MLRun allows you to easily build ML pipelines that take data from various sources or the Feature Store and process it, train models at scale with multiple parameters, test models, track each experiment, and register, version and deploy models, etc. MLRun provides scalable built-in or custom model training services that integrate with any framework and can work with 3rd party training/auto-ML services. You can also bring your own pre-trained model and use it in the pipeline. more…

Docs: Model training and tracking Batch runs and workflows , Tutorials: Train & eval models Automated ML pipeline , Videos: Train & compare models

Deploy models and applications

MLRun rapidly deploys and manages production-grade real-time or batch application pipelines using elastic and resilient serverless functions. MLRun addresses the entire ML application: intercepting application/user requests, running data processing tasks, inferencing using one or more models, driving actions, and integrating with the application logic. more…

Docs: Realtime pipelines Batch inference , Tutorials: Realtime serving Batch inference Advanced pipeline , Videos: Serve pre-trained models

Monitor and alert

Observability is built into the different MLRun objects (data, functions, jobs, models, pipelines, etc.), eliminating the need for complex integrations and code instrumentation. With MLRun, you can observe the application/model resource usage and model behavior (drift, performance, etc.), define custom app metrics, and trigger alerts or retraining jobs. more…

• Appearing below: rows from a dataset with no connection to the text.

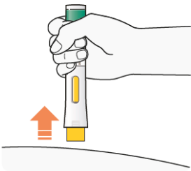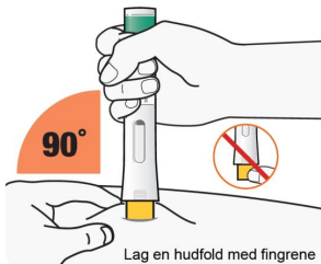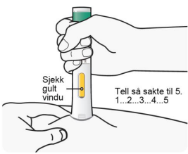 Trykk den ferdigfylte pennen bestemt mot huden til du ikke ser den gule nålebeskyttelsen, og hold den fast slik.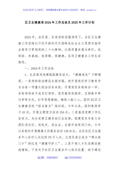 / 区卫生健康局2024年工作总结及2025年工作计划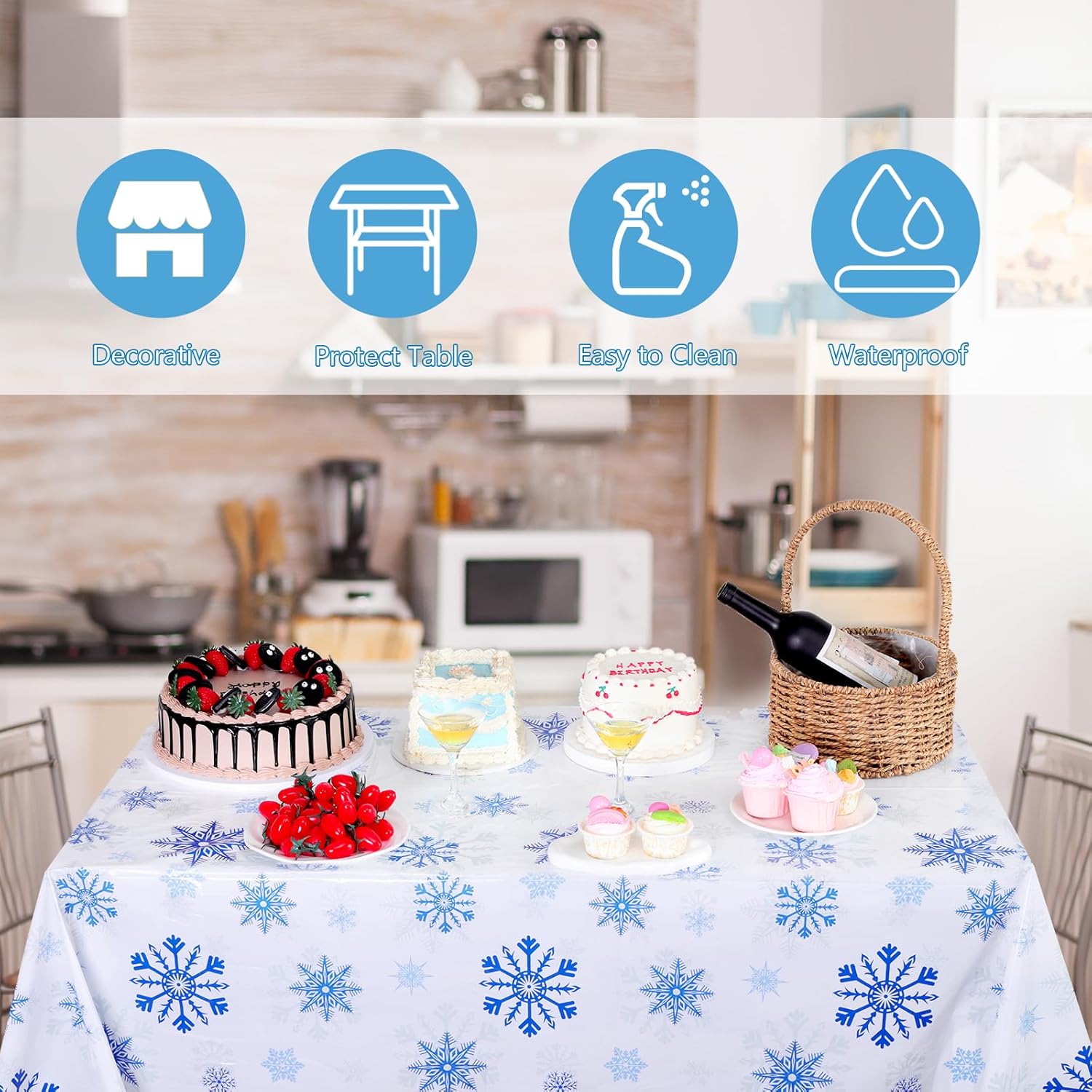 - Snowflake Plastic Tablecloth Size: Snowflake table cover measures 54 × 108 inches, which fits most rectangular 8-10 seater tables. This generous size makes it ideal for gathering around the table with family members to enjoy Christmas time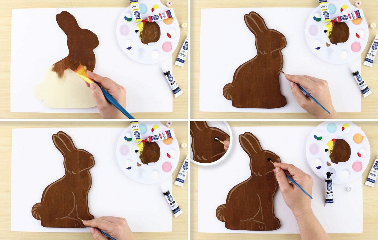 Adding a little more white paint to your brown, lighten it enough to show up on top of the original brown color. Add some thin lines surrounding the shape to create a ‘chocolate bunny’ look.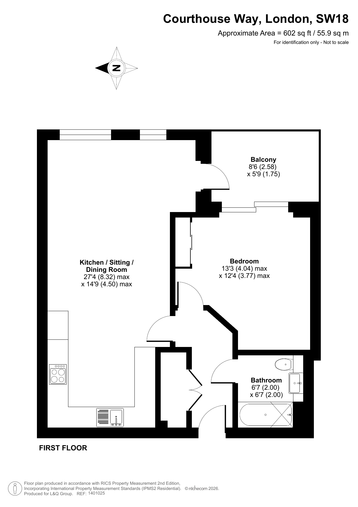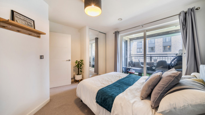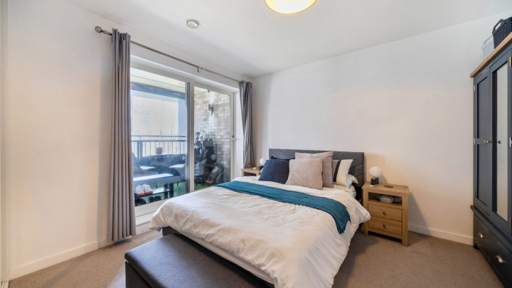 This beautifully presented apartment consists of a dual aspect open-plan kitchen and living area, flooded with natural light from wide floor-length windows opening onto both a juliette balcony and a private balcony, which is large enough to dine or recline. The modern kitchen includes integrated appliances. A spacious double bedroom benefitting from built-in storage also opens onto the balcony and a contemporary bathroom completes the accommodation.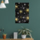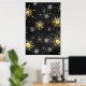 Póster Xmas copos de nieve dorados sobre fondo negro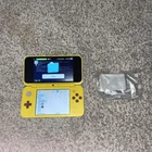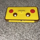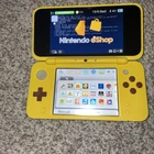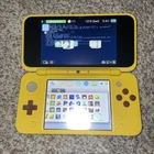 The product is a Nintendo 2DS XL handheld system in Pikachu Edition Yellow color. It has 128 GB storage capacity and comes with 100+ games pre-installed on a 128GB SD card. The system features Wi-Fi capability, internet browsing, and includes a stylus. It is suitable for use in the NTSC-U/C region (US/Canada) and is branded as Nintendo.

Docs: Model monitoring overview , Tutorials: Model monitoring & drift detection

MLRun core components#

MLRun includes the following major components:

Project management & automation (SDK, API, etc.)
Serverless functions
Data & artifacts
Feature store
Batch runs & workflows
Real-time pipelines
Monitoring

Project management: A service (API, SDK, DB, UI) that manages the different project assets (data, functions, jobs, workflows, secrets, etc.) and provides central control and metadata layer.

Serverless functions: An automatically deployed software package with one or more methods and runtime-specific attributes (such as image, libraries, command, arguments, resources, etc.).

Data & artifacts: Glueless connectivity to various data sources, metadata management, catalog, and versioning for structured/unstructured artifacts.

Feature store: Automatically collects, prepares, catalogs, and serves production data features for development (offline) and real-time (online) deployment using minimal engineering effort.

Batch Runs & workflows: Execute one or more functions with specific parameters and collect, track, and compare all their results and artifacts.

Real-time serving pipeline: Rapid deployment of scalable data and ML pipelines using real-time serverless technology, including API handling, data preparation/enrichment, model serving, ensembles, driving and measuring actions, etc.

Real-time monitoring: Monitors data, models, resources, and production components and provides a feedback loop for exploring production data, identifying drift, alerting on anomalies or data quality issues, triggering retraining jobs, measuring business impact, etc.